* WHAT YOU NEED TO DO *
In the entries below, find every line with the string "febrer" and copy it.

[Items from a data source]

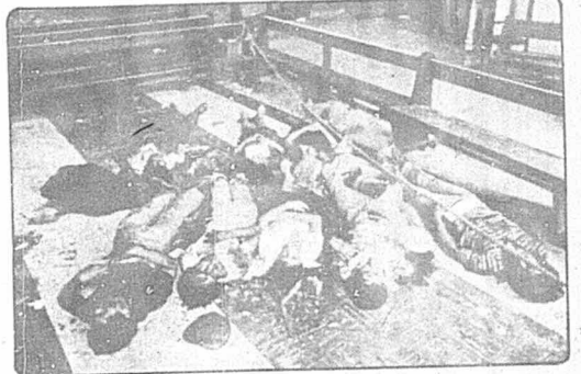
«حقوق بشر» آمریکایی در السالوادور

«رهبری انقلابی متحد» (دیرکسیون رولوسویاریا و شفاکادا «د.ر.و.») در روند اتحاد عمل فرایند محنتناز انقلابی خلق السالوادور در اواخر بهار ۱۳۵۹ پایه گذاری شد. این نهاد مبارزه عمو تشکیل می گردید که به نسبت برابر، مساویتی بیخ سازمان عمو «حیبه آزادی ملی»
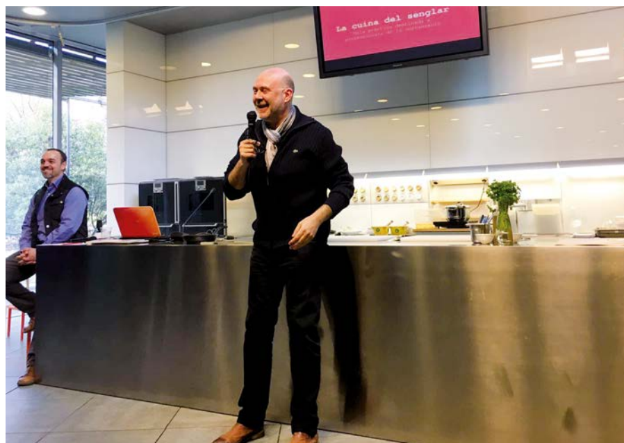
La presentació va tenir lloc el 21 de febrer a Món Sant Benet

El passat dimecres 21 de febrer l'auditori de la Fundació Alicia, situat al Món Sant Benet de Sant Fruitós del Bages, va acollir la presentació d'aquesta guia i receptari La Cuina del Senglar a Catalunya que revalor i recupera la cuina de la caça, una opció sostenible i d'equilibri ecològic, i proposa interessants propostes i reflexions per pal·liar els problemes derivats de la sobrepoblació d'algunes espècies cinegètiques com el senglar.
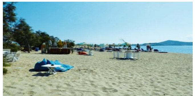
Der Strand von Aghios Geórgios
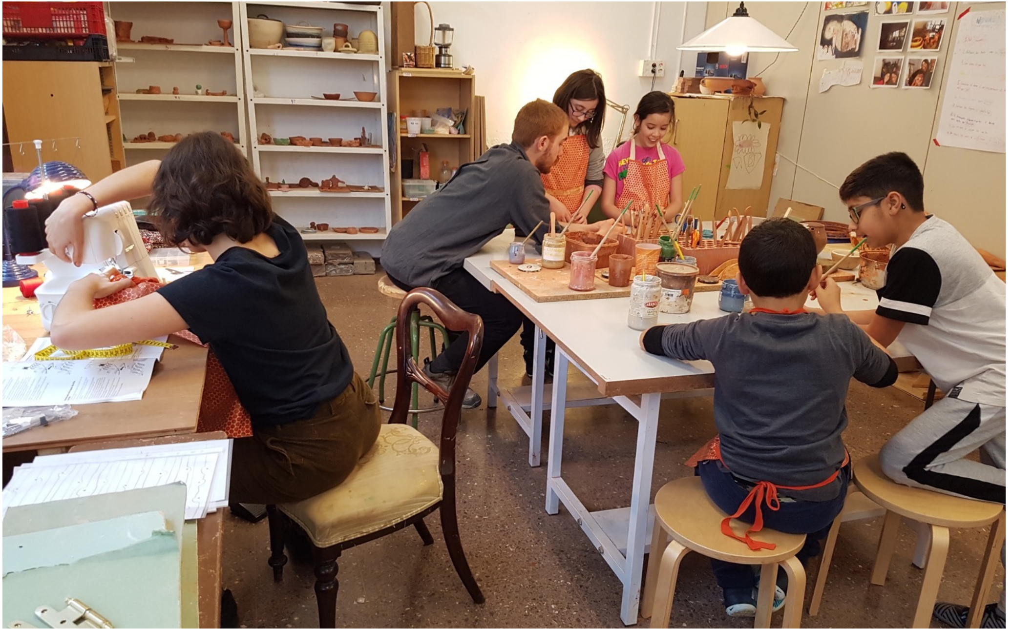
Espais d'aprenentatge experiencial
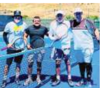
Los tenistas de Vallarta llegaron al puerto para una serie de cuatro días.
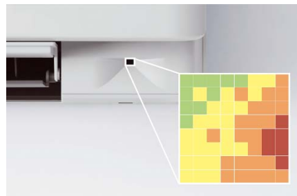
Mřížkový optický snímač rozdělí místnost mřížkou o 64 čtvercových polích a měří povrchovou teplotu v každém z těchto polí.

Po zjištění aktuální teploty v místnosti mřížkový optický snímač nejprve směřuje vzduch rovnoměrně do celé místnosti a poté přepne rozložení vzduchových proudů tak, aby se ohřívaly nebo ochlazovaly ty zóny, které to potřebují nejvíc.
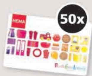
HEMA cadeaukaart t.w.v. € 20,-
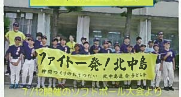
7/12開催のソフトボール大会より
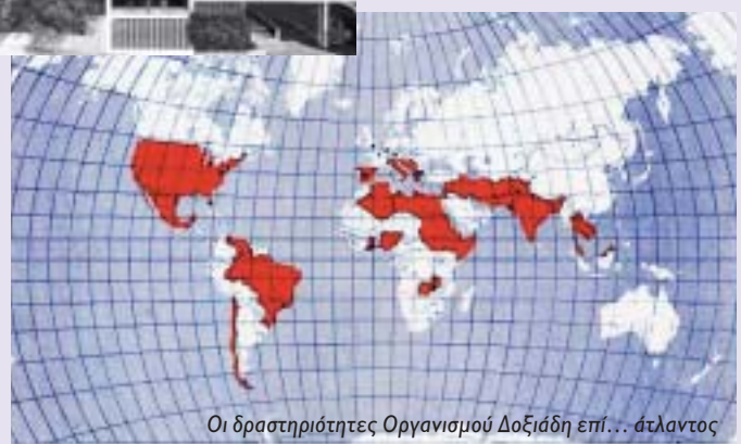
Οι δραστηριότητες Οργανισμού Δοξιάδη επί... άτλαντος

Το 1937 διορίστηκε μηχανικός της Πολεοδομικής Υπηρεσίας της Διοικήσεως Πρωτεύουσας. Από το 1940 έως το 1945 διετέλεσε προϊστάμενος της Πολεοδομικής Υπηρεσίας και προϊστάμενος του Γραφείου Χωροταξικών και Πολεοδομικών Ερευνών και Μελετών (ΓΧΠΜΕ).
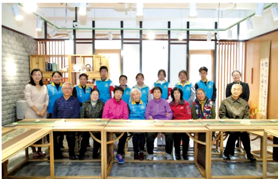
青少年志愿者为老人提供茶道体验志愿服务。

中国宋庆龄青少年科技文化交流中心与北京市教育委员会联合建设“北京市中小学综合实践活动课程研究开发中心”,完善实践育人体系,巩固协同育人机制,联动教育专家资源,合力研发包括志愿服务在内的中小學生综合实践活动课程。以志愿服务项目活动经验为基础,优化、完善课程要素,开放参与机制,尝试形成“课程进校园、学生进中心”的中小学志愿服务综合实践活动课程生态。课程研发(下转第44页)
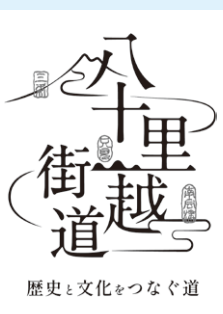
▲八十里街道 ロゴマーク
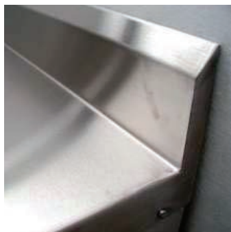
Tapa y salpicadero a la pared en una sola pieza.
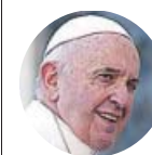
PAPA FRANCISCO Máximo responsable de la Iglesia Católica

«Cualquier forma de prostitución es una reducción a la esclavitud, un acto criminal, un vicio repugnante»
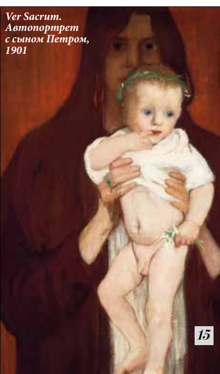
Ver Sacrum. Автопортрет с сыном Петром, 1901
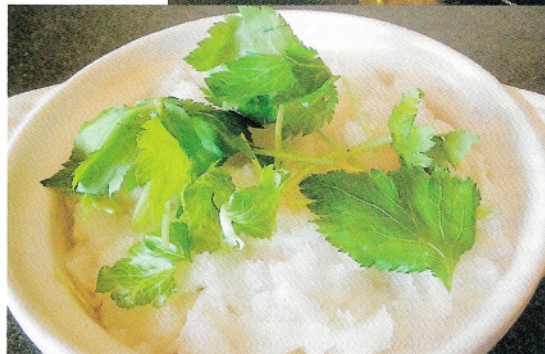
①大根おろしの入ったみぞれ鍋はさっぱりとした味わい

定番の味噌煮込みきしめんは、丸一日かけて仕込んだ八丁味噌スープを使い、深みのある味わいが好評。オススメは、11~3月までの期間限定のみぞれ鍋きしめん900円。この店でしか食べられない逸品で、きしめんにたっぷりの大根おろしをのせ土鍋で煮込んで食べる。1カ月熟成させた自家製のぼん酢との相性も抜群だ。●名古屋市東区徳川2-5-5 ●名鉄瀬戸線森下駅から徒歩5分 ●11時30分~14時30分、17時30分~20時30分 ●不定休 ●4台
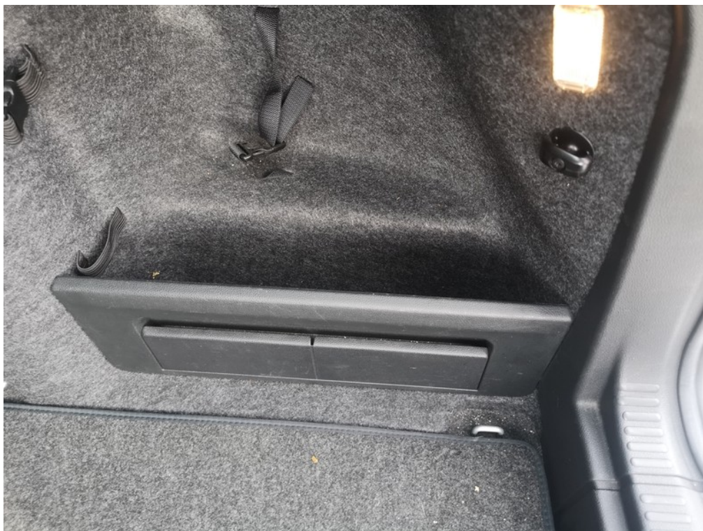
Viz popis k poškození č. 17
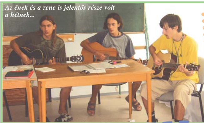
Az ének és a zene is jelentős része volt a hétnek...
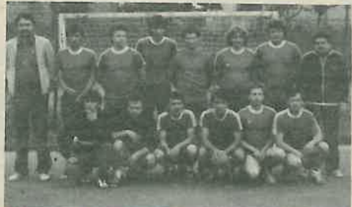
RK »Polet« iz Stančića
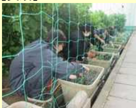
グリーンカーテン植付
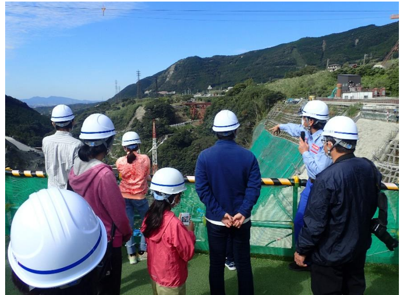
R3.10 一般住民現地説明【8名】
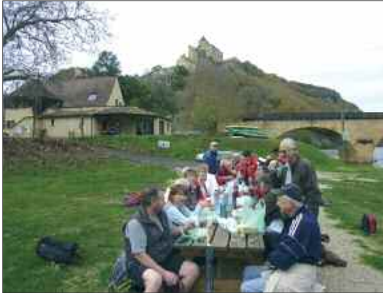
Donner l'envie d'aller plus loin sur le chemin de Saint-Jacques-de-Compostelle

L'association Les Sentiers d'antan a connu un week-end actif et varié. Après l'assemblée générale tenue le vendredi 19 novembre, cent vingt membres se sont retrouvés samedi soir pour partager un repas typiquement périgourdin. Ils étaient enfin trente-quatre dimanche matin à Domme pour prendre le départ de cette première randonnée dominicale en effectuant une étape (Domme/Cladec) de la nouvelle variante du chemin de Saint-Jacques-de-Compostelle ouverte au printemps dernier.
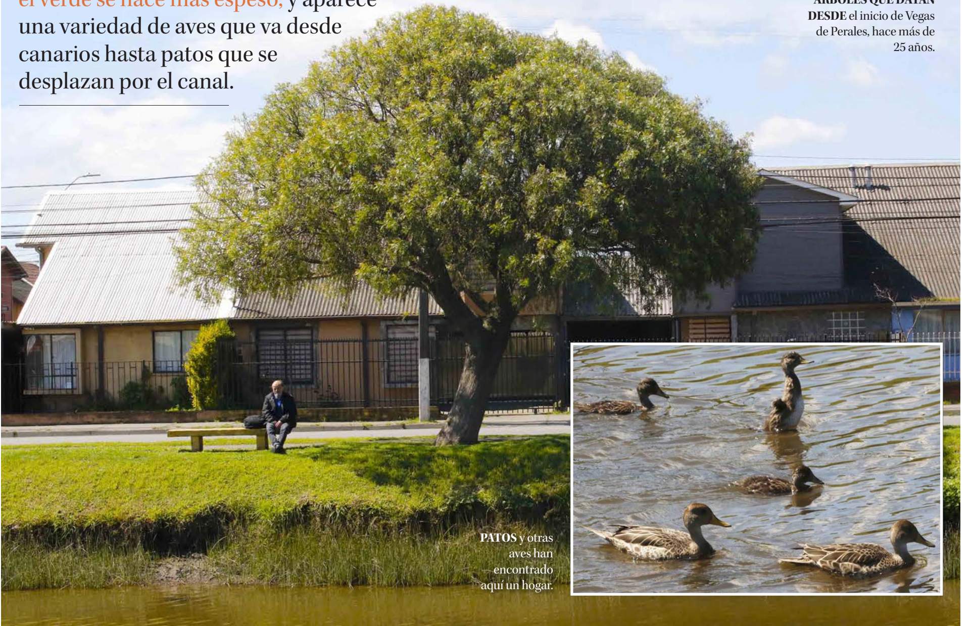
ÁRBOLES QUE DATAN DESDE el inicio de Vegas de Perales, hace más de 25 años.
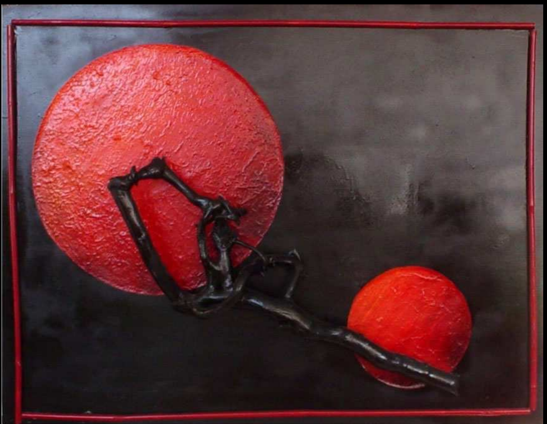
"Unione" acrilico su legno in rilievo 90x70
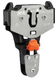
TRAC CLUB, cikkszám P023AB00

TRAC CLUB csigák (cikkszám: P023AB00 és P023AB01) visszahívása a törésveszély miatt, amely halálos balesetet okozhat. A visszahívásban érintett csigák használatát haladéktalanul függessze fel!
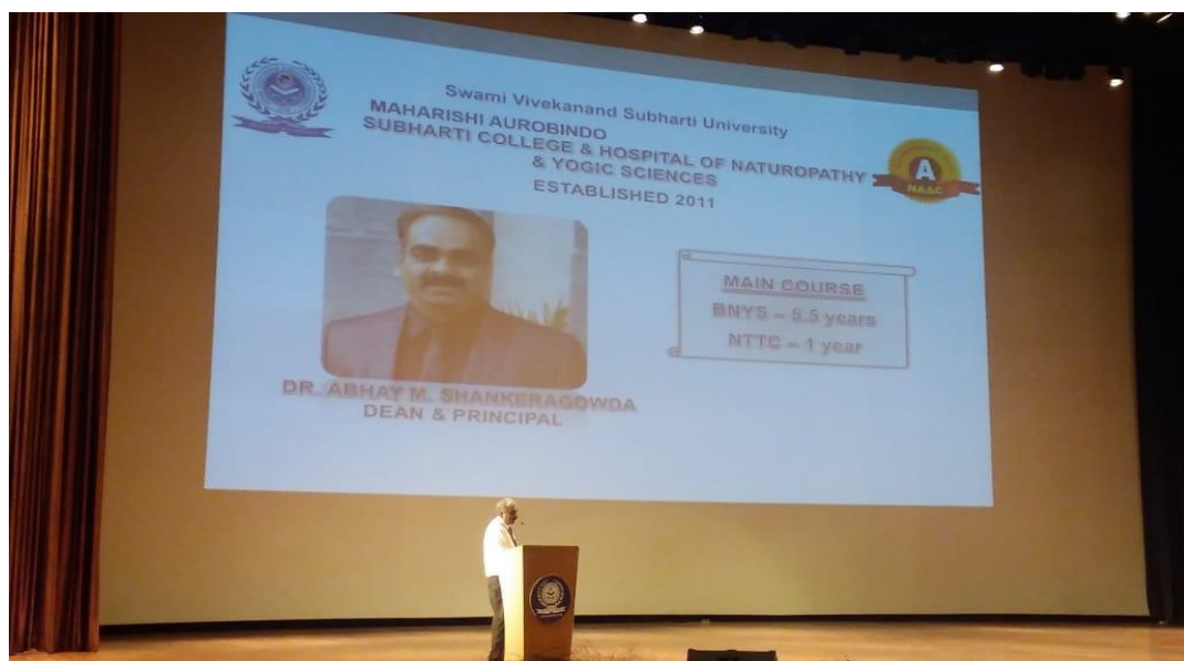
Subharti Orientation programme was conducted by the university
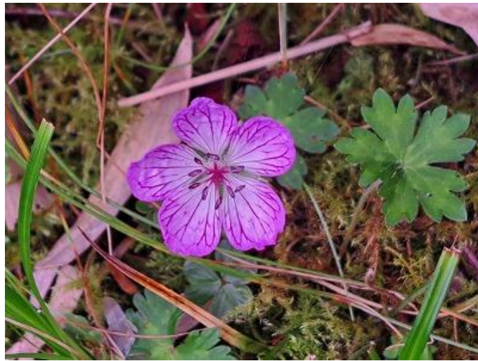
シコクフウロ（イヨフウロ） Geranium shikokianum 【フウロソウ科、フウロソウ属】

本州中部地方以西、四国、九州の深山に生える多年草で、和名は初め四国産の標本に基づいたものとされます。花は夏、2花からなり花径3cmくらい、花弁は濃紅紫色の脈が目立ち、花弁の先が3裂するものと、裂
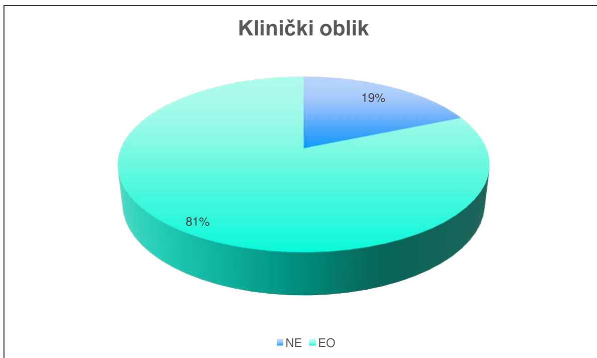
Slika 3. Udio pojedinog kliničkog oblika OLP-a.

Od 64 ispitanika, 12 (18,75%) njih je imalo neerozivni oblik OLP-a, dok je erozivni oblik imalo njih 52 (81,25%).
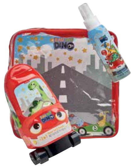
My Dino Eau de toilette e gel figura.
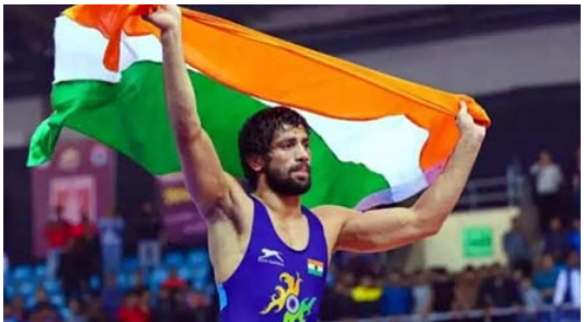
న్యూఢిల్లీ : భారత రెజర్వ్ రవికుమార్ దహియా ఒలింపిక్స్ లో భారత్ కు మరో పతకాన్ని ఖాయం చేశాడు. 57 కిలోల విభాగంలో కజకిస్థాన్ రెజర్వ్ సురిస్టామెత్ జరిగిన పోటీలో 7-9 తేడాతో విజయం సాధించాడు. పైనల్కు చేరుకుని భారత్ ఖాతాలో మరో పతకాన్ని చేర్చేశాడు.
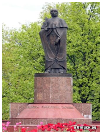
Памятник Е. Полоцкой
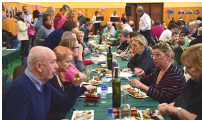
Na zabíjačkových špecialitách si pochutili všetci

Tak ako je dobrým zvykom, začali sme rok 2018 výročnou schôdzou. Uskutočnil sa zápis nových členov, zaspomínali sme na minulý rok, a aby sme nezabudli, prečo sme tu, tak sme sa aj dobre zabavili a zatancovali si. Ale nie príliš dlho, lebo naše sily sme šetrili na Obecnú zabíjačku . Bol to náš šiesty ročník a my turisti, my to máme radi, keď je „šeko na poriadku“.
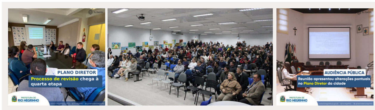
Reuniões presenciais - Plano Diretor municípios

Ao todo foram assessorados 4 municípios na revisão e atualização dos Planos Diretores Municipais.
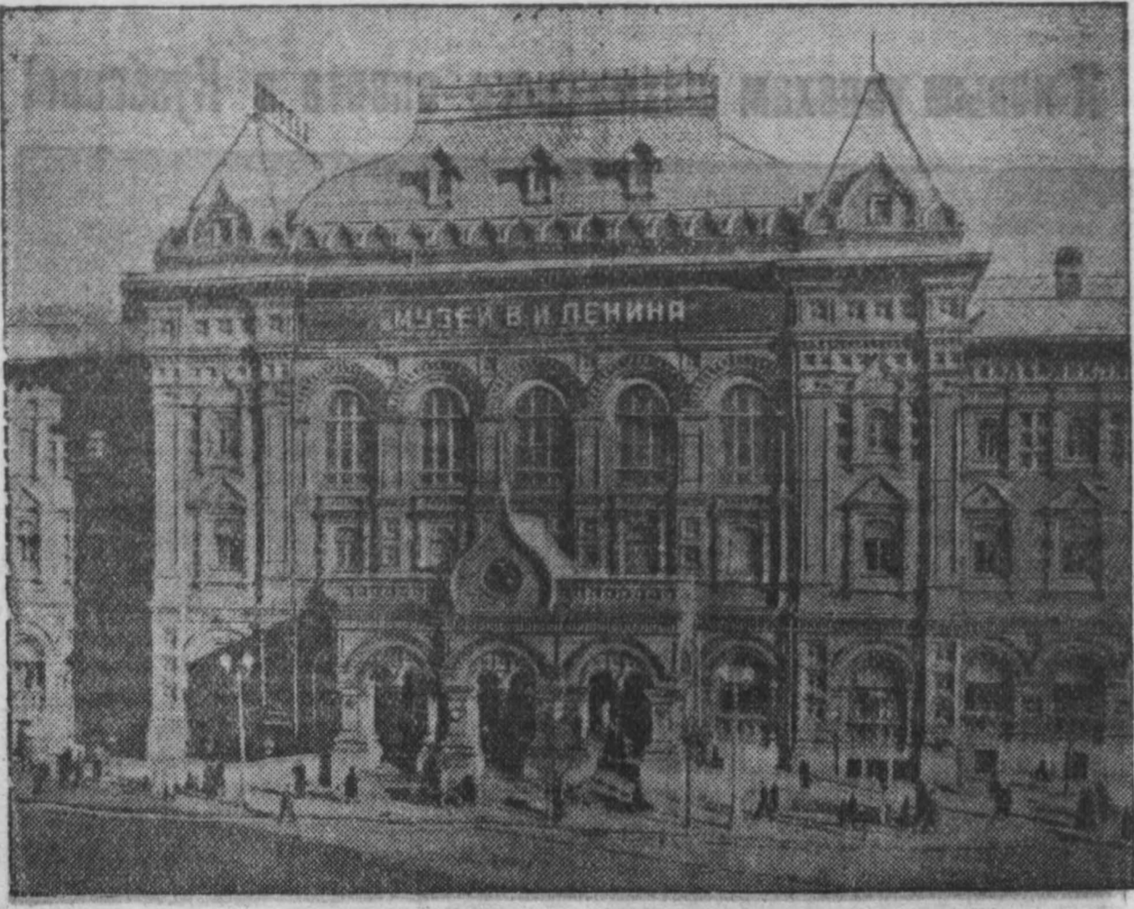
Центральный музей В. И. Ленина в Москве. Со дня основания музея — с 15 мая 1936 года его посетило свыше 8 миллионов человек.
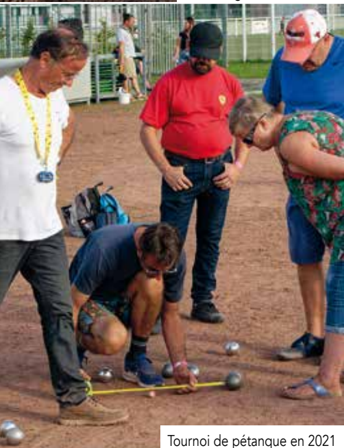
Tournoi de pétanque en 2021
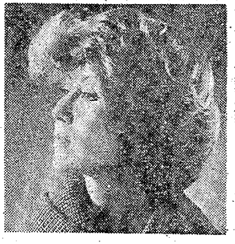
【バックからサイドにかけてメリスマカにしては型取り型】

秋のニューヘアモードは、本格的なスタイルを追求する。毛の流れ、シルエット、質感、すべてが、この秋のヘアモードのキーワードである。メリスマカ、サイド、バックからサイドにかけては、型取り型が流行している。これは、メリスマカ、サイド、バックからサイドにかけては、型取り型が流行している。これは、メリスマカ、サイド、バックからサイドにかけては、型取り型が流行している。
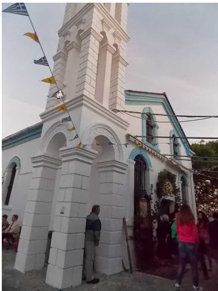
Ρώσοι προσκυνητές επισκέπτονται το Μετόχι της Μονής Βατοπαιδίου.
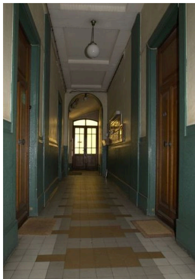
Vestibule d'entrée IVR82_20046903166NUCA
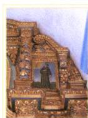
[Talha Dourada e Policromada]
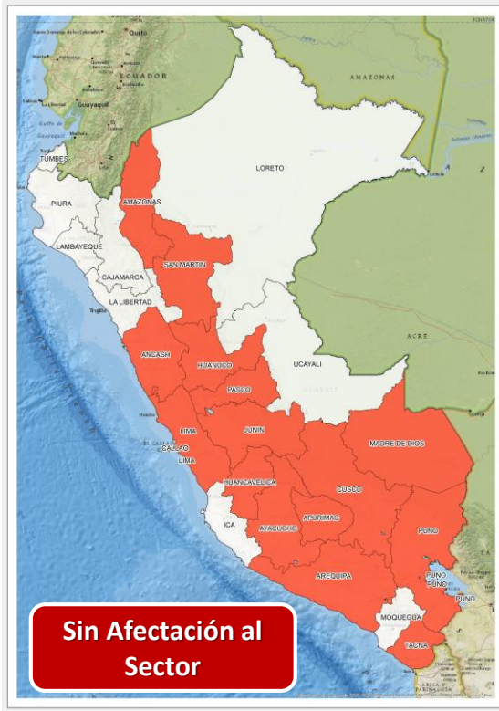
DECRETO SUPREMO N° 039-2024-PCM

Que proroga el Estado de Emergencia en varios distritos de algunas provincias de los departamentos de Amazonas, Ancash, Apurímac, Arequipa, Ayacucho, Cusco, Huancavelica, Huánuco, Junín, Lima, Madre de Dios, Pasco, Puno, San Martín y Tacna, por impacto de daños a consecuencia de intensas precipitaciones pluviales.
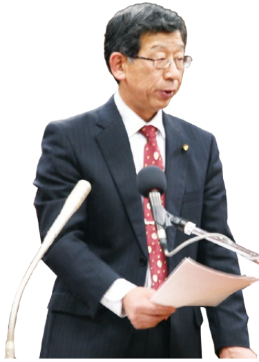
やまぐち てつひで 山口 哲秀 議員

猶予があり、経済的事由を対象とした基準を設ければ所得連動返還型奨学金制度と同様の効果があると考えられる。今後、検証していきたい。

* SOLUTION BELOW *
La presentació va tenir lloc el 21 de febrer a Món Sant Benet
El passat dimecres 21 de febrer l'auditori de la Fundació Alicia, situat al Món Sant Benet de Sant Fruitós del Bages, va acollir la presentació d'aquesta guia i receptari La Cuina del Senglar a Catalunya que revalor i recupera la cuina de la caça, una opció sostenible i d'equilibri ecològic, i proposa interessants propostes i reflexions per pal·liar els problemes derivats de la sobrepoblació d'algunes espècies cinegètiques com el senglar.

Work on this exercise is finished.